- [PROBLEM DESCRIPTION]:
Quote all lines below exactly. Images stay out.

• • •

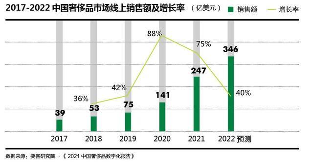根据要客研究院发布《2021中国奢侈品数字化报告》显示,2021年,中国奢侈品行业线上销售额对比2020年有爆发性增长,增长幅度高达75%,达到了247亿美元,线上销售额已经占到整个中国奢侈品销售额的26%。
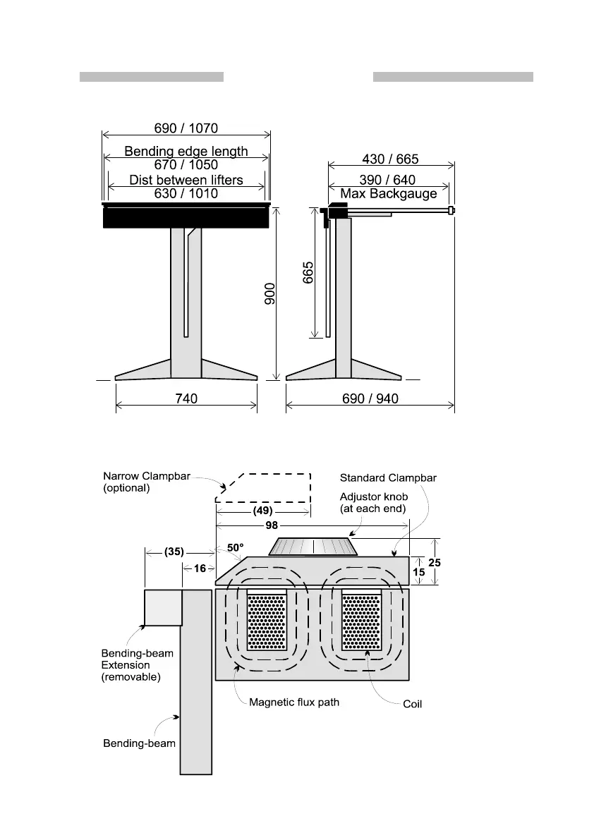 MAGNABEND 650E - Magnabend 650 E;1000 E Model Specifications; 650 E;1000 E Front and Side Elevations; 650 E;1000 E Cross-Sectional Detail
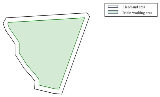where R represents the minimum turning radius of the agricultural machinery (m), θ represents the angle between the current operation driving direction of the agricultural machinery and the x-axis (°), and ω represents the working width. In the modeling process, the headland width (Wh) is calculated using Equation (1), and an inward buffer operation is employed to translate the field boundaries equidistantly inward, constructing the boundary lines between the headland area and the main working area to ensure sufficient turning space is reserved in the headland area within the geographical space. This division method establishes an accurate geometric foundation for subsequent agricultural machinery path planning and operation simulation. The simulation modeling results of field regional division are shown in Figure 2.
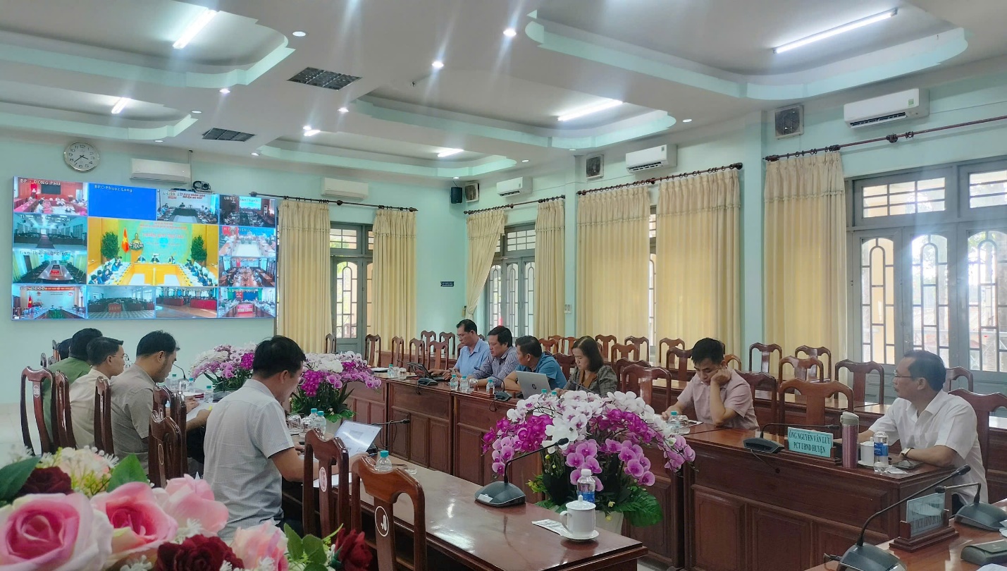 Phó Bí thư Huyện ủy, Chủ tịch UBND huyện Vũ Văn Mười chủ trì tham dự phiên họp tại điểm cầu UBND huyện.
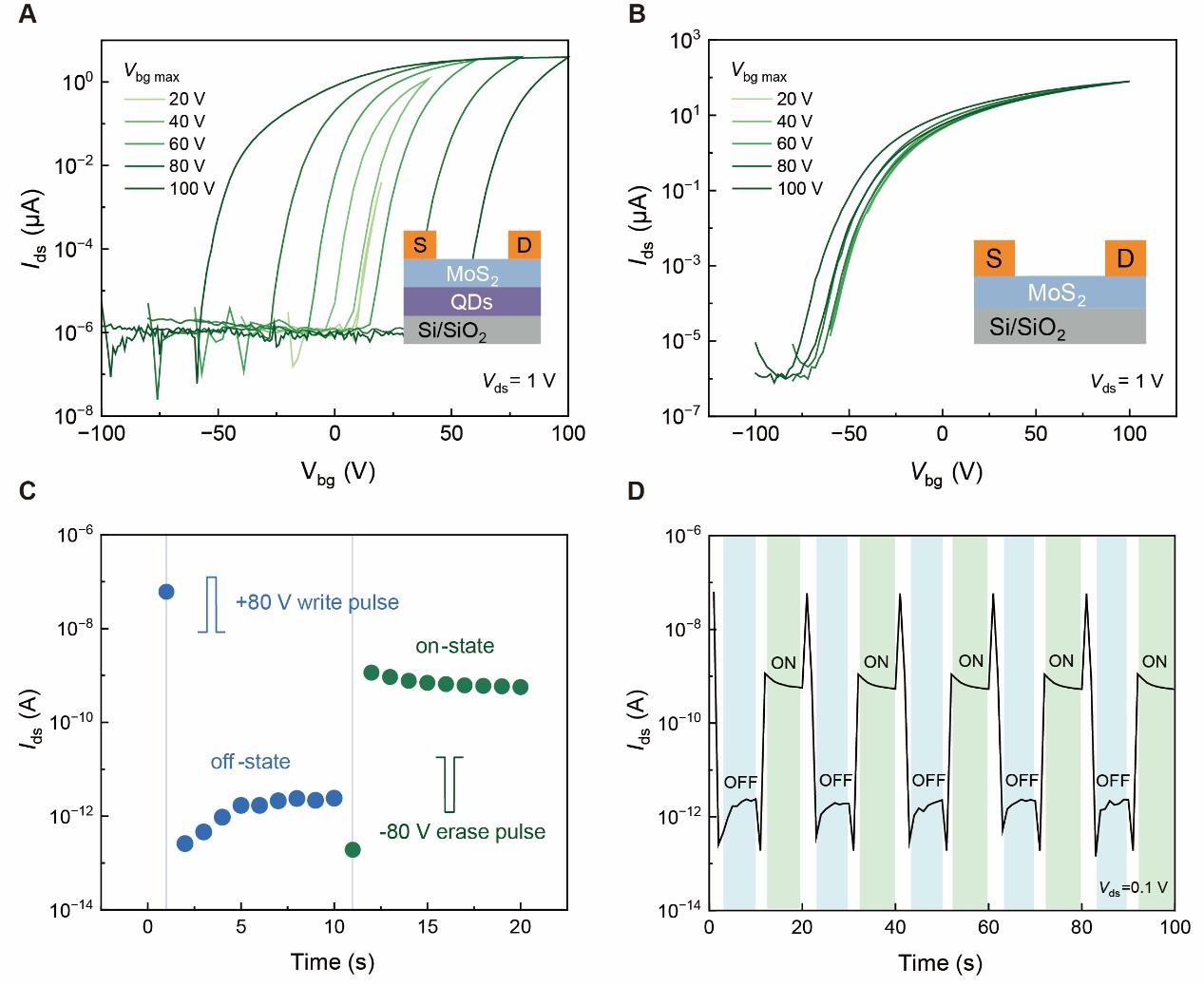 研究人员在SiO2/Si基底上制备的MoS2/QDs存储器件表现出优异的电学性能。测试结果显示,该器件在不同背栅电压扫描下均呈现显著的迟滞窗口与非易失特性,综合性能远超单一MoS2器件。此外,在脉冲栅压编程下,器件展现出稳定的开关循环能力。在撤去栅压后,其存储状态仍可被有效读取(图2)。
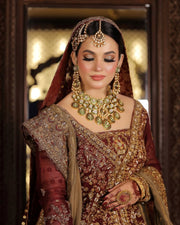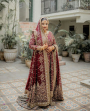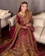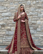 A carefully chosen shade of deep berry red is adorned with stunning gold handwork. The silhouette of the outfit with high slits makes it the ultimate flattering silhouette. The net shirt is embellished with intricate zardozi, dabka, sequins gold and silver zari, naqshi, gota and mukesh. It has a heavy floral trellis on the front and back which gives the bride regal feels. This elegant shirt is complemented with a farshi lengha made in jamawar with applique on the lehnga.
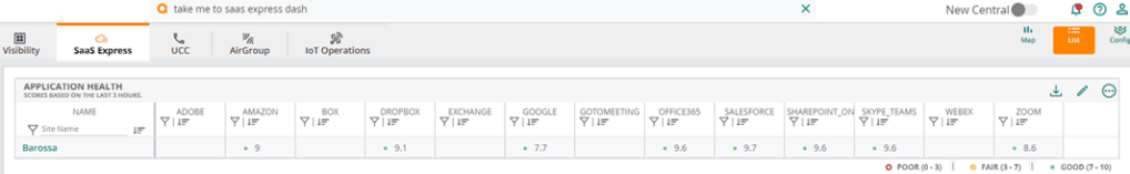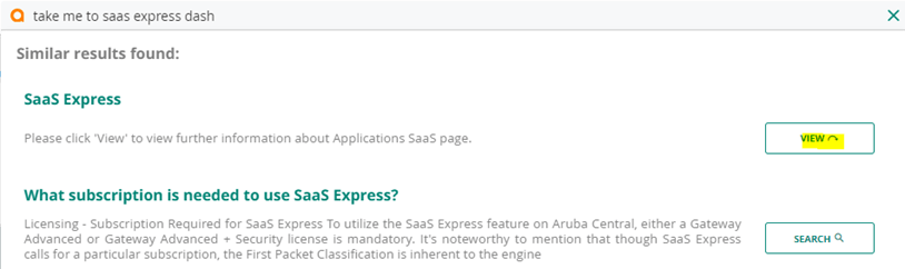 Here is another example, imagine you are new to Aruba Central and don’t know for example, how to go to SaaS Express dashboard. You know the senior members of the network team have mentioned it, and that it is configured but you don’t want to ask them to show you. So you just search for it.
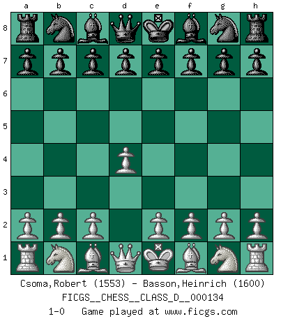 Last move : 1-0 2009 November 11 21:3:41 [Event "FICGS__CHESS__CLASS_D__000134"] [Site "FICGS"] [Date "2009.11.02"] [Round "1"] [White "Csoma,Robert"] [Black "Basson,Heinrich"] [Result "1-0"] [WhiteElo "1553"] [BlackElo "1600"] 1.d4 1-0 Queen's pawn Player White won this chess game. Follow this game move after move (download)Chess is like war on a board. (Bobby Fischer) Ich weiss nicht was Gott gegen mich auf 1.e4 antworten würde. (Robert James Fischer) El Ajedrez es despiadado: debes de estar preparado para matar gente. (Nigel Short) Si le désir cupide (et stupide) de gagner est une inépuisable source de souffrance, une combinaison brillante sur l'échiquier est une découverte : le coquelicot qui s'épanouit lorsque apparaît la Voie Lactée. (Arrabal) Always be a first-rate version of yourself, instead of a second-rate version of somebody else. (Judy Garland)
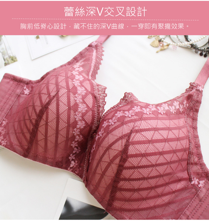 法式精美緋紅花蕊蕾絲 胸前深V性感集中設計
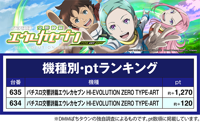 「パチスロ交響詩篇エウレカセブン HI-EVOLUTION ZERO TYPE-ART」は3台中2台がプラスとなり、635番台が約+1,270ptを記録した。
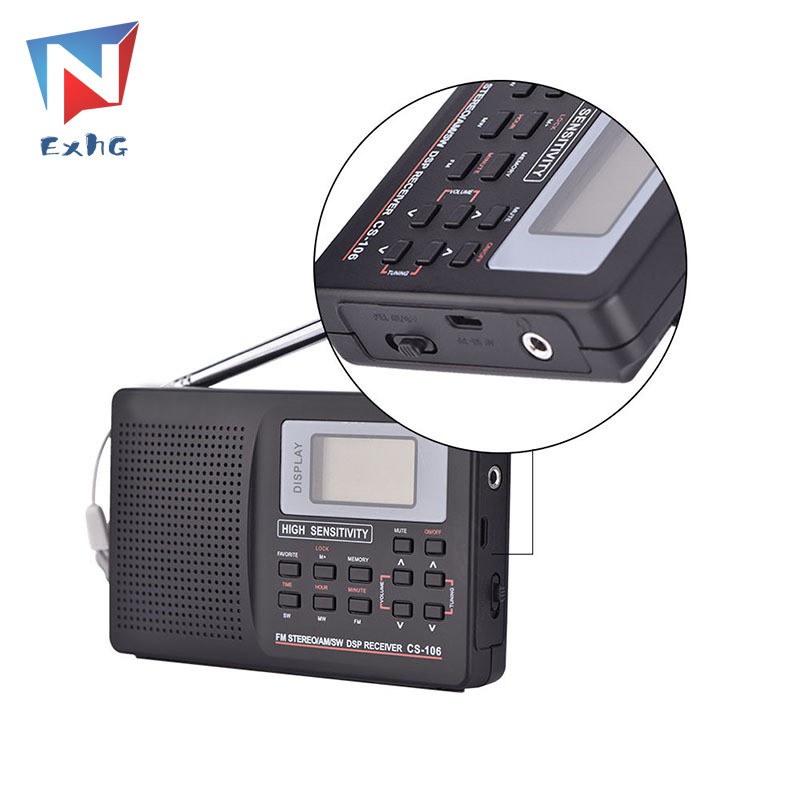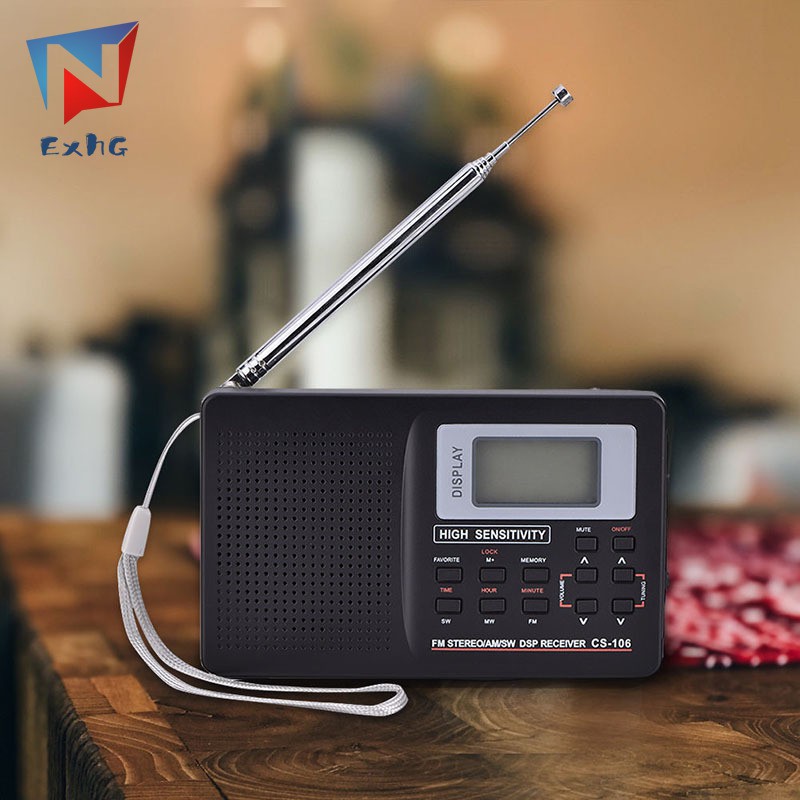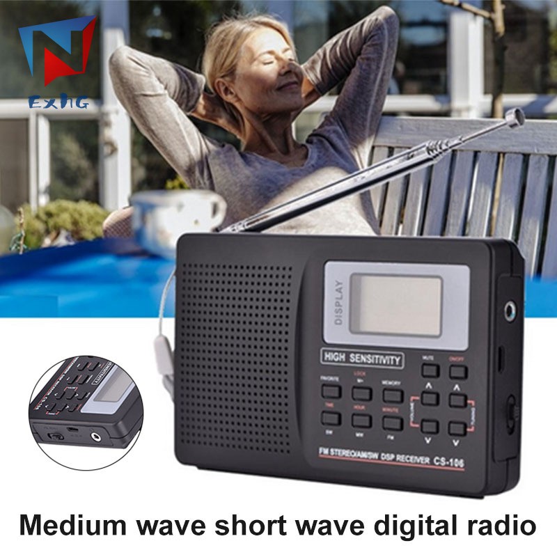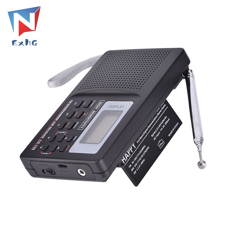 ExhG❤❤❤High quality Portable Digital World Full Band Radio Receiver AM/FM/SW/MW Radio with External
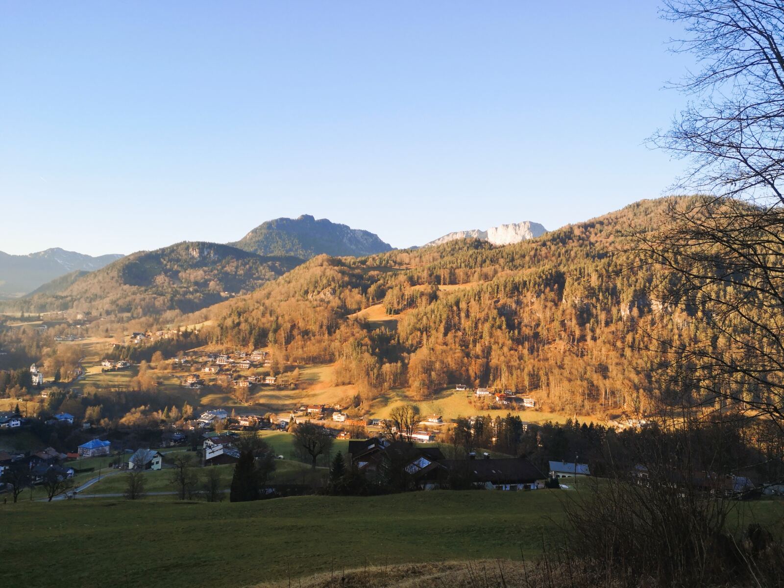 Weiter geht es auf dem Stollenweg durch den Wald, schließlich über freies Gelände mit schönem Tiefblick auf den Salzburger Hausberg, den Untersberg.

• • •

- [PROBLEM SOLUTION]:
根据要客研究院发布《2021中国奢侈品数字化报告》显示,2021年,中国奢侈品行业线上销售额对比2020年有爆发性增长,增长幅度高达75%,达到了247亿美元,线上销售额已经占到整个中国奢侈品销售额的26%。
 MAGNABEND 650E - Magnabend 650 E;1000 E Model Specifications; 650 E;1000 E Front and Side Elevations; 650 E;1000 E Cross-Sectional Detail
where R represents the minimum turning radius of the agricultural machinery (m), θ represents the angle between the current operation driving direction of the agricultural machinery and the x-axis (°), and ω represents the working width. In the modeling process, the headland width (Wh) is calculated using Equation (1), and an inward buffer operation is employed to translate the field boundaries equidistantly inward, constructing the boundary lines between the headland area and the main working area to ensure sufficient turning space is reserved in the headland area within the geographical space. This division method establishes an accurate geometric foundation for subsequent agricultural machinery path planning and operation simulation. The simulation modeling results of field regional division are shown in Figure 2.
 Phó Bí thư Huyện ủy, Chủ tịch UBND huyện Vũ Văn Mười chủ trì tham dự phiên họp tại điểm cầu UBND huyện.
 研究人员在SiO2/Si基底上制备的MoS2/QDs存储器件表现出优异的电学性能。测试结果显示,该器件在不同背栅电压扫描下均呈现显著的迟滞窗口与非易失特性,综合性能远超单一MoS2器件。此外,在脉冲栅压编程下,器件展现出稳定的开关循环能力。在撤去栅压后,其存储状态仍可被有效读取(图2)。
 A carefully chosen shade of deep berry red is adorned with stunning gold handwork. The silhouette of the outfit with high slits makes it the ultimate flattering silhouette. The net shirt is embellished with intricate zardozi, dabka, sequins gold and silver zari, naqshi, gota and mukesh. It has a heavy floral trellis on the front and back which gives the bride regal feels. This elegant shirt is complemented with a farshi lengha made in jamawar with applique on the lehnga.
 Here is another example, imagine you are new to Aruba Central and don’t know for example, how to go to SaaS Express dashboard. You know the senior members of the network team have mentioned it, and that it is configured but you don’t want to ask them to show you. So you just search for it.
 Last move : 1-0 2009 November 11 21:3:41 [Event "FICGS__CHESS__CLASS_D__000134"] [Site "FICGS"] [Date "2009.11.02"] [Round "1"] [White "Csoma,Robert"] [Black "Basson,Heinrich"] [Result "1-0"] [WhiteElo "1553"] [BlackElo "1600"] 1.d4 1-0 Queen's pawn Player White won this chess game. Follow this game move after move (download)Chess is like war on a board. (Bobby Fischer) Ich weiss nicht was Gott gegen mich auf 1.e4 antworten würde. (Robert James Fischer) El Ajedrez es despiadado: debes de estar preparado para matar gente. (Nigel Short) Si le désir cupide (et stupide) de gagner est une inépuisable source de souffrance, une combinaison brillante sur l'échiquier est une découverte : le coquelicot qui s'épanouit lorsque apparaît la Voie Lactée. (Arrabal) Always be a first-rate version of yourself, instead of a second-rate version of somebody else. (Judy Garland)
 法式精美緋紅花蕊蕾絲 胸前深V性感集中設計
 「パチスロ交響詩篇エウレカセブン HI-EVOLUTION ZERO TYPE-ART」は3台中2台がプラスとなり、635番台が約+1,270ptを記録した。
 ExhG❤❤❤High quality Portable Digital World Full Band Radio Receiver AM/FM/SW/MW Radio with External
 Weiter geht es auf dem Stollenweg durch den Wald, schließlich über freies Gelände mit schönem Tiefblick auf den Salzburger Hausberg, den Untersberg.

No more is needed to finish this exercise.